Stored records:
================================

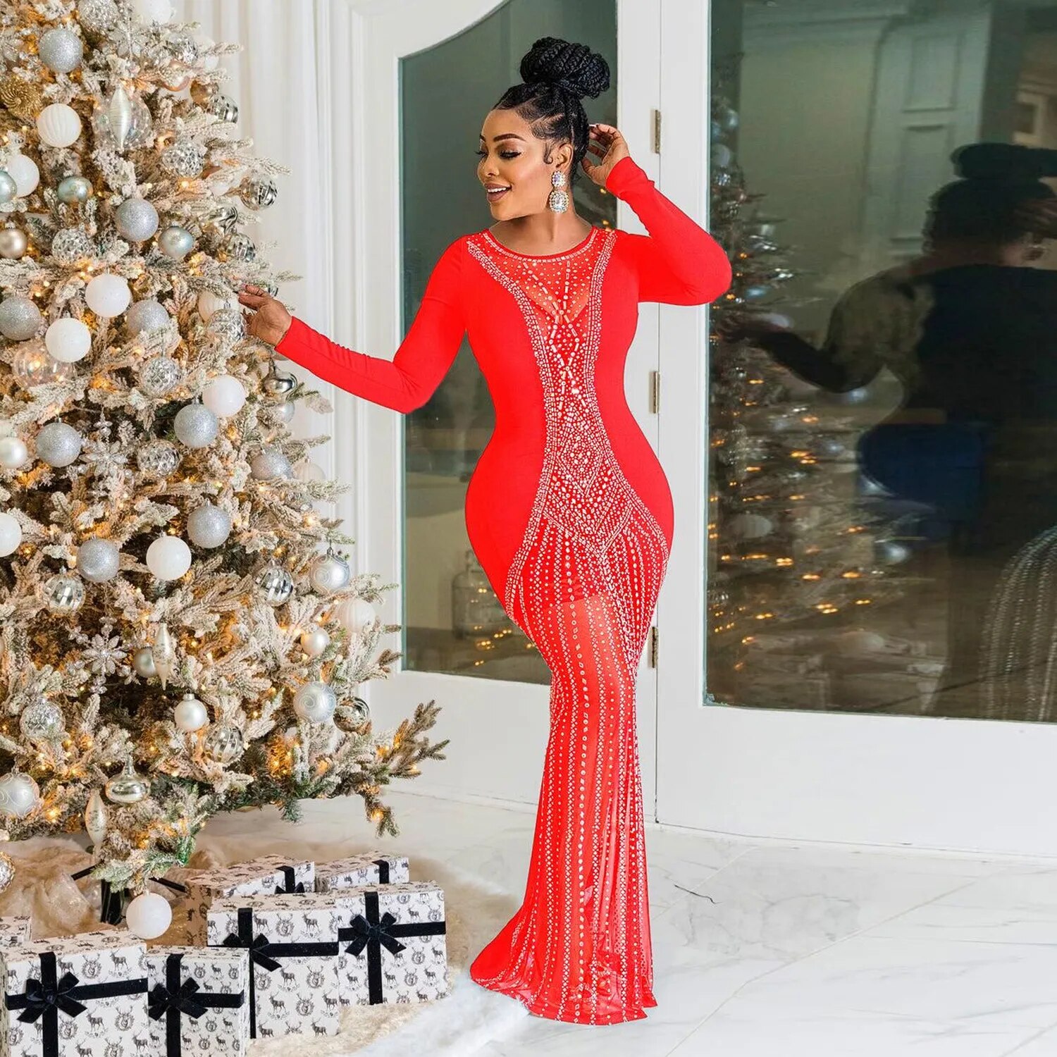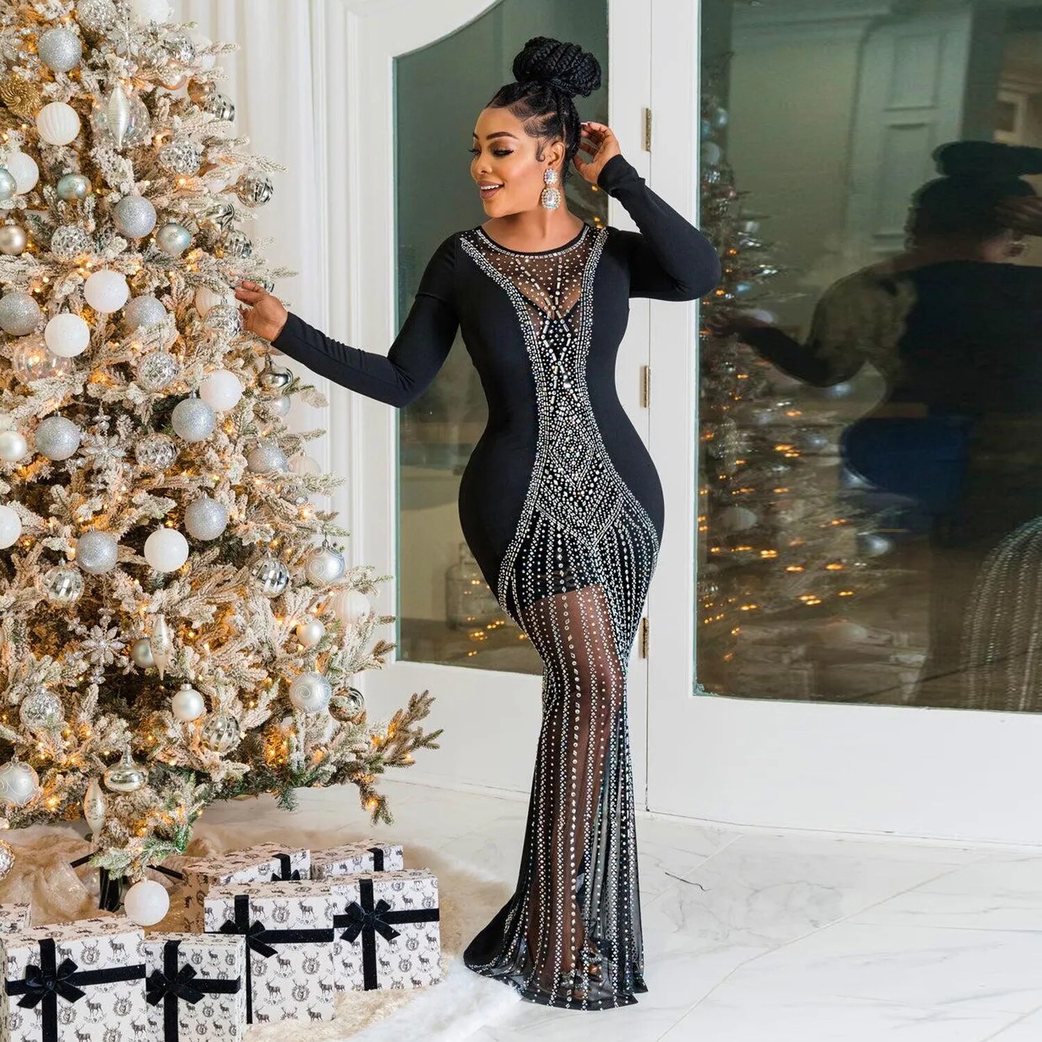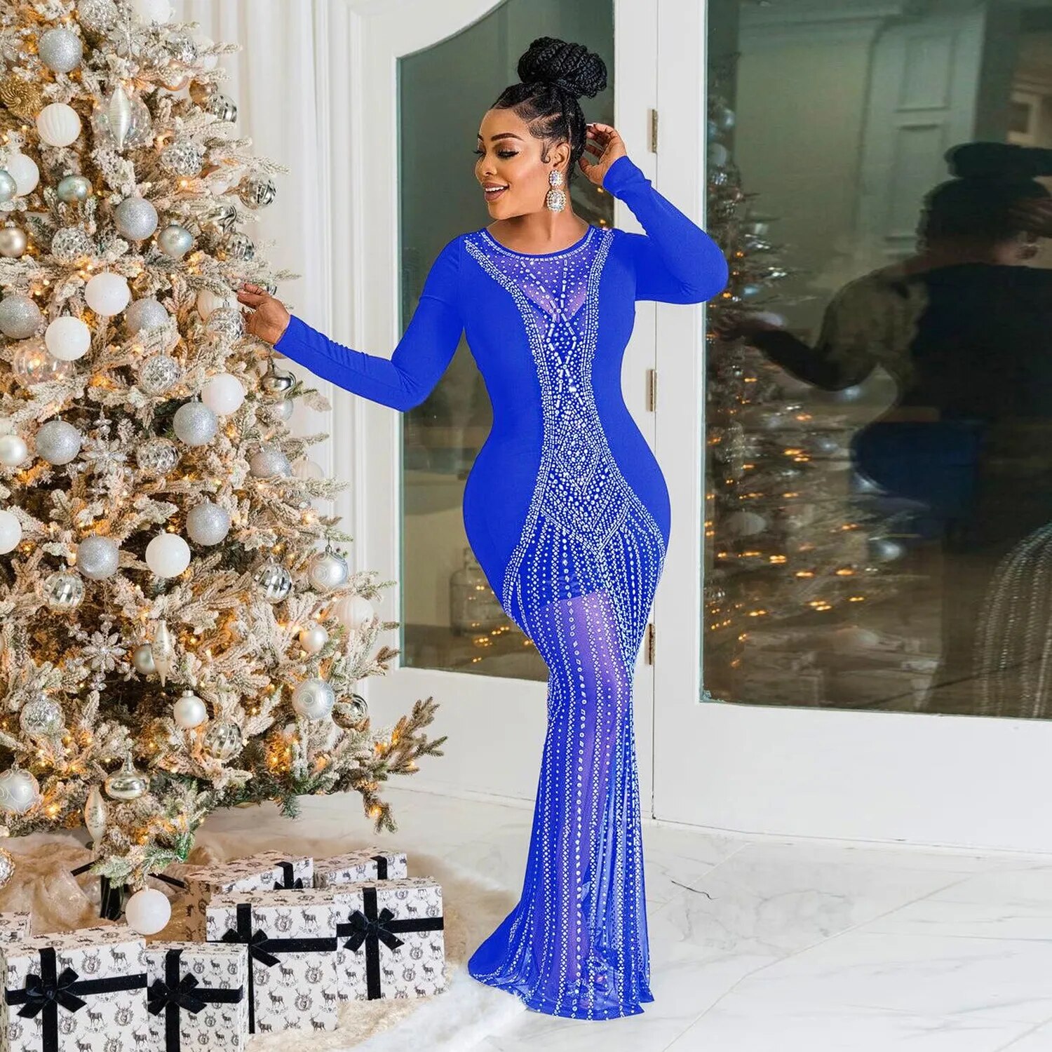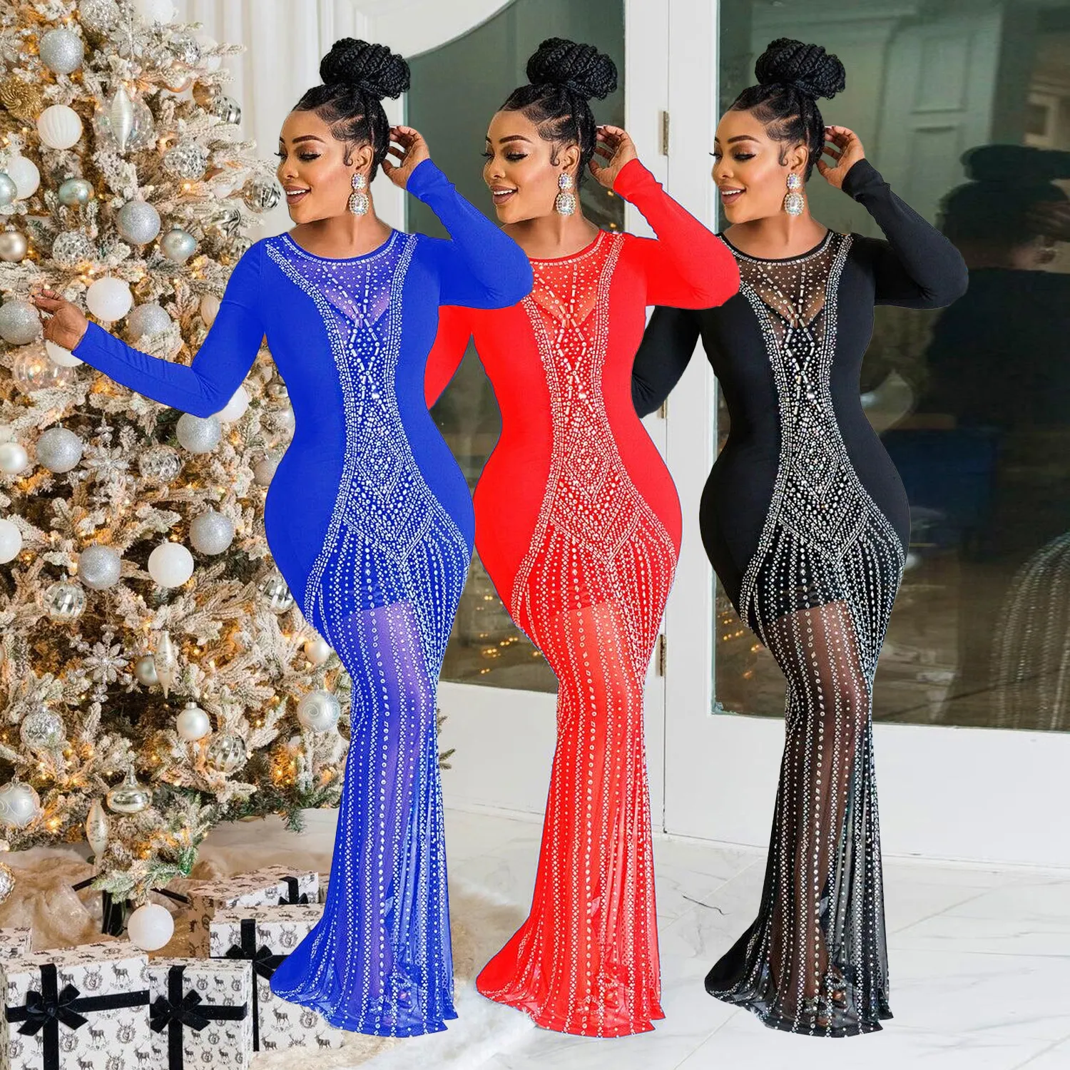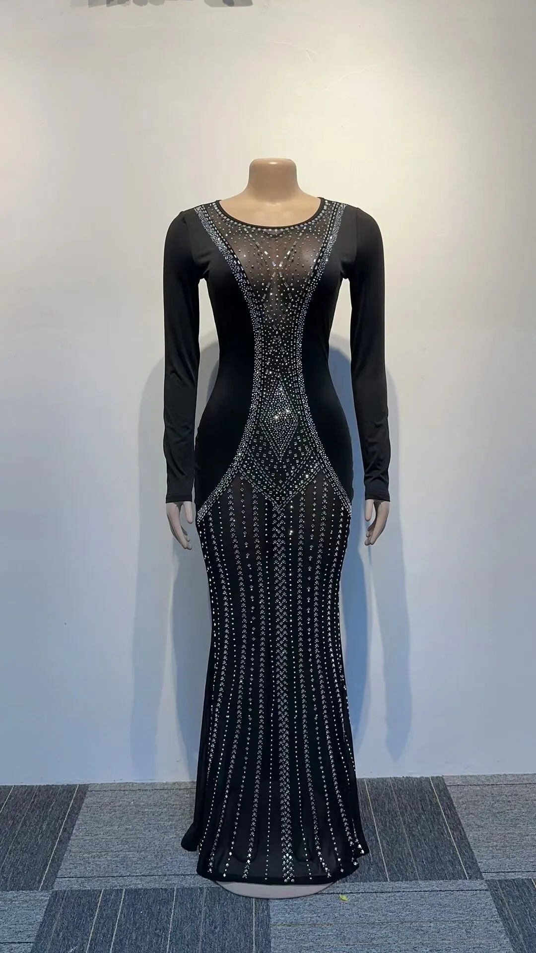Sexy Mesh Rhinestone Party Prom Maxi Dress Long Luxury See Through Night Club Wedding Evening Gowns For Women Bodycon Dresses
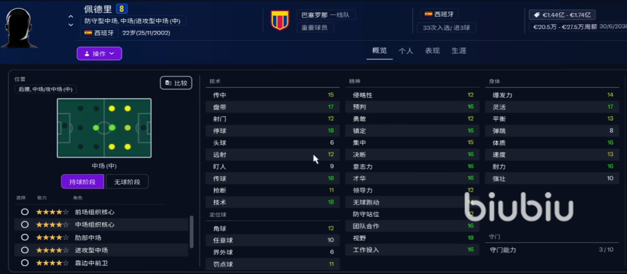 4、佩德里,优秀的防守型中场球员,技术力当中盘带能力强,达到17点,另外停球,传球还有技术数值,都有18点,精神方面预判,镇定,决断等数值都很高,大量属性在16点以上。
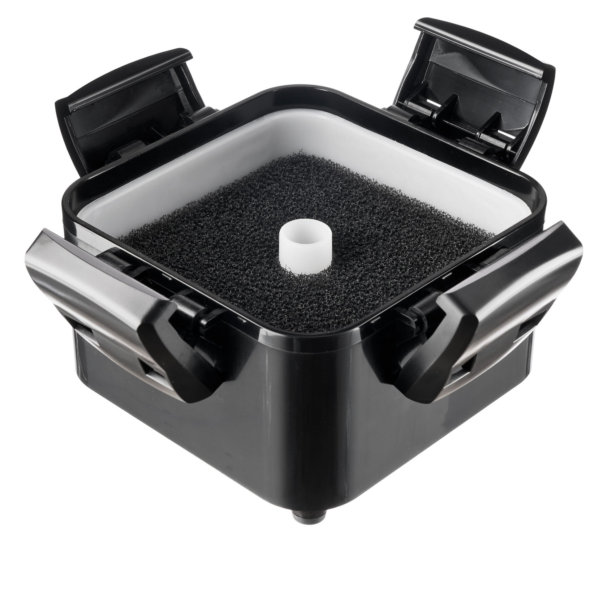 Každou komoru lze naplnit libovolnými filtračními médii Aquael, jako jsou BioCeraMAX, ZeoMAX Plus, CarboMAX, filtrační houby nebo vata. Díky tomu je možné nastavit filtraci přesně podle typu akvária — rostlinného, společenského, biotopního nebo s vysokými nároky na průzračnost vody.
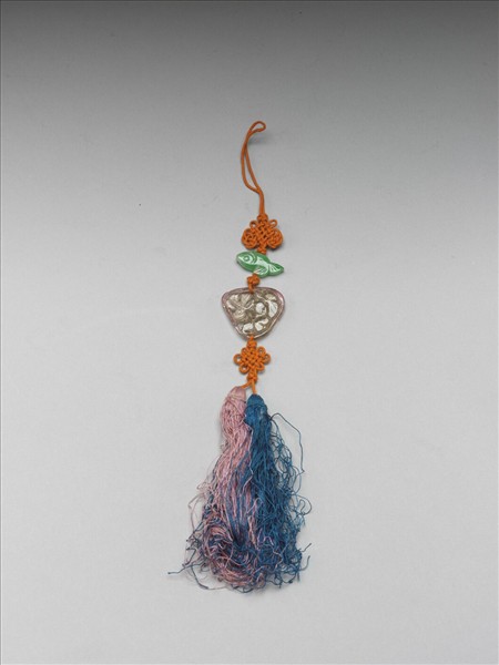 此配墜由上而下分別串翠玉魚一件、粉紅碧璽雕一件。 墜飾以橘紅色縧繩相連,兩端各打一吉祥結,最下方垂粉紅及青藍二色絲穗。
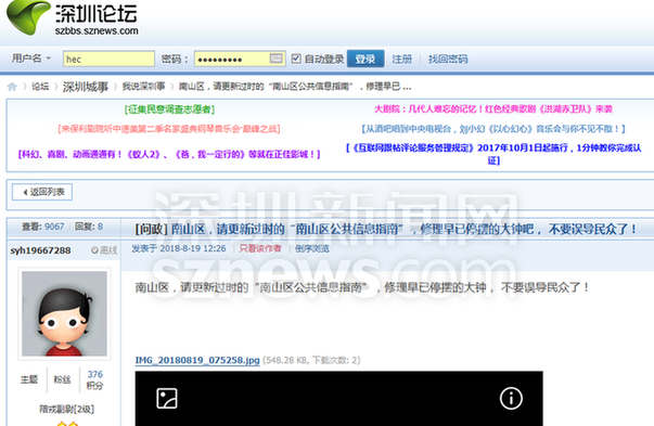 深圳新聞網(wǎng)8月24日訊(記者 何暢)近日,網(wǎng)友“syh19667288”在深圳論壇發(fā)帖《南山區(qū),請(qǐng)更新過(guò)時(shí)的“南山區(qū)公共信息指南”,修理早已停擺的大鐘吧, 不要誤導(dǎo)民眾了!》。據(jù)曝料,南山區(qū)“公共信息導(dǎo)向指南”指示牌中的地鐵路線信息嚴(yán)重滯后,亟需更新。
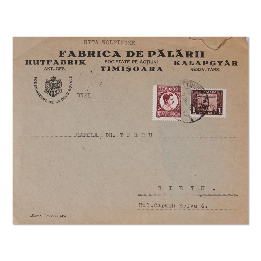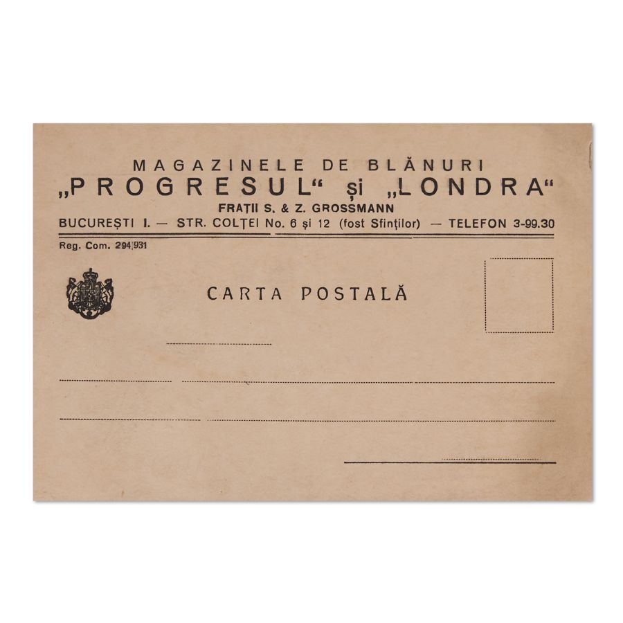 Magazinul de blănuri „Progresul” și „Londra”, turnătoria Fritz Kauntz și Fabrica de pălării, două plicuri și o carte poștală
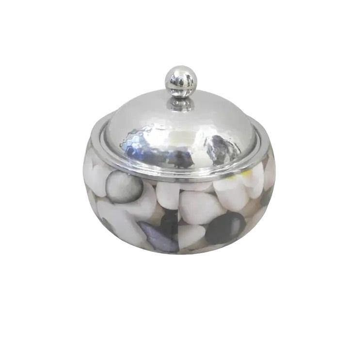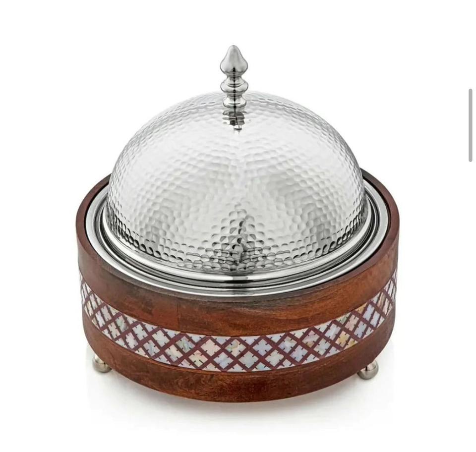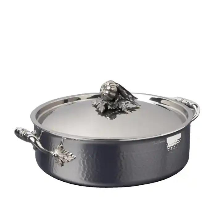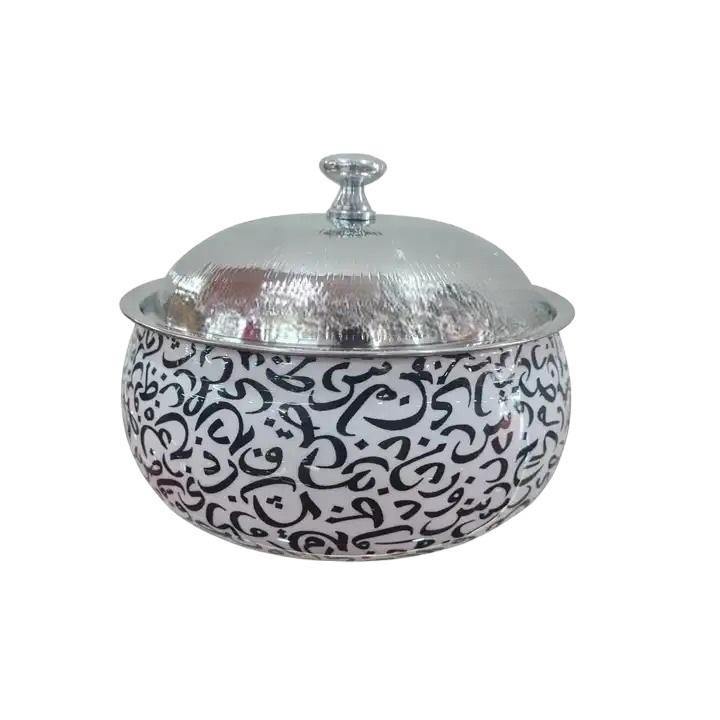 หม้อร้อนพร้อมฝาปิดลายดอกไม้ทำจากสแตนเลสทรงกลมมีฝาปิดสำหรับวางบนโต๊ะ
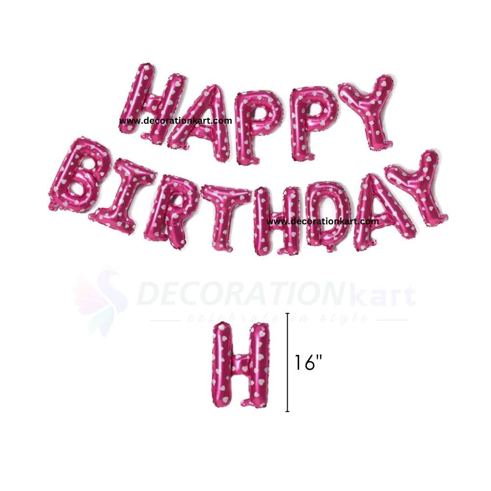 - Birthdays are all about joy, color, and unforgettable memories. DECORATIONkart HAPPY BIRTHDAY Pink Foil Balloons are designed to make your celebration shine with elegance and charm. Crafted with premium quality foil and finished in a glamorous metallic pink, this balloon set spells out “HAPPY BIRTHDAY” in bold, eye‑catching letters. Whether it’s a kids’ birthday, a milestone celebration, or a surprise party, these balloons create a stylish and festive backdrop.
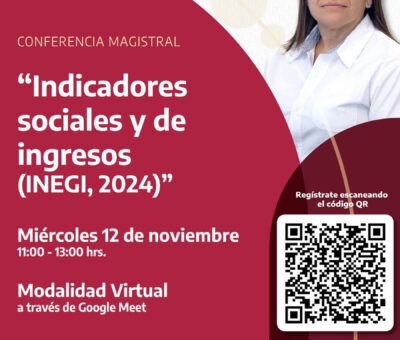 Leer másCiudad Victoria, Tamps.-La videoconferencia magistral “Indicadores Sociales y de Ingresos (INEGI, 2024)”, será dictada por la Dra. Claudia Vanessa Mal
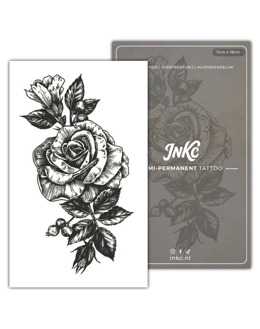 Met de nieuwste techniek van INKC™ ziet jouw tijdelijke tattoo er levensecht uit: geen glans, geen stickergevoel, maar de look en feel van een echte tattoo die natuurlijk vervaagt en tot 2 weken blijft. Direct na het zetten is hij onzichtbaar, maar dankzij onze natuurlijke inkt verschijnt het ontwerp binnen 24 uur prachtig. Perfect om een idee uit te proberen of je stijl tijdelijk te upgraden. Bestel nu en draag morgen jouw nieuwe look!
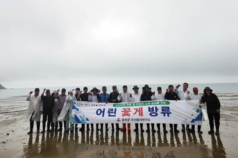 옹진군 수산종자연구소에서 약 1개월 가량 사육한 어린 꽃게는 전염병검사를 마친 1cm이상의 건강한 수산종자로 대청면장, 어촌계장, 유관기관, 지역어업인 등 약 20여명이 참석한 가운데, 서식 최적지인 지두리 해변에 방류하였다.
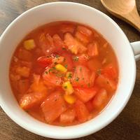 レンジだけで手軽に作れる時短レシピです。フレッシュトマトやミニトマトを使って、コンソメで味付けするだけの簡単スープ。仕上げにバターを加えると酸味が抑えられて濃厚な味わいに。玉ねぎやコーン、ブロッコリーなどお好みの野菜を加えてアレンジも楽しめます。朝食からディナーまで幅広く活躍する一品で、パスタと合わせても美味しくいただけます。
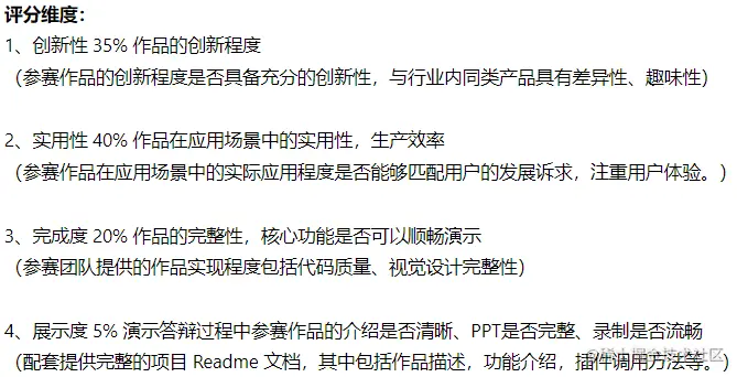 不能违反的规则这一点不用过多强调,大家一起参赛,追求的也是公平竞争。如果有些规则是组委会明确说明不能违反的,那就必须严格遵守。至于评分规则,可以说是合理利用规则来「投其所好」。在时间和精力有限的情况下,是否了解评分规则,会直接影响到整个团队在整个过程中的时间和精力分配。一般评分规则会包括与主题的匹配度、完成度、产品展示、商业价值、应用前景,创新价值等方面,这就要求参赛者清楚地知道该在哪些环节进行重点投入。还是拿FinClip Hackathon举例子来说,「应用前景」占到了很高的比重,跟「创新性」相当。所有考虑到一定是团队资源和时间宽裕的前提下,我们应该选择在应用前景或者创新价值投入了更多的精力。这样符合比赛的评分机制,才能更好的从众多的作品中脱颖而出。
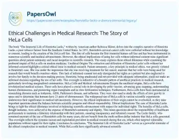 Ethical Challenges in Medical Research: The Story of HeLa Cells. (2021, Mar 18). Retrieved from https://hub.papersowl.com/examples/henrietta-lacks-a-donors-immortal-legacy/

================================

Each line from the top of the records through the one containing "4、佩德里,优秀的防守型中场" needs to be transcribed exactly, without pictures.

Answer to this problem
Sexy Mesh Rhinestone Party Prom Maxi Dress Long Luxury See Through Night Club Wedding Evening Gowns For Women Bodycon Dresses
 4、佩德里,优秀的防守型中场球员,技术力当中盘带能力强,达到17点,另外停球,传球还有技术数值,都有18点,精神方面预判,镇定,决断等数值都很高,大量属性在16点以上。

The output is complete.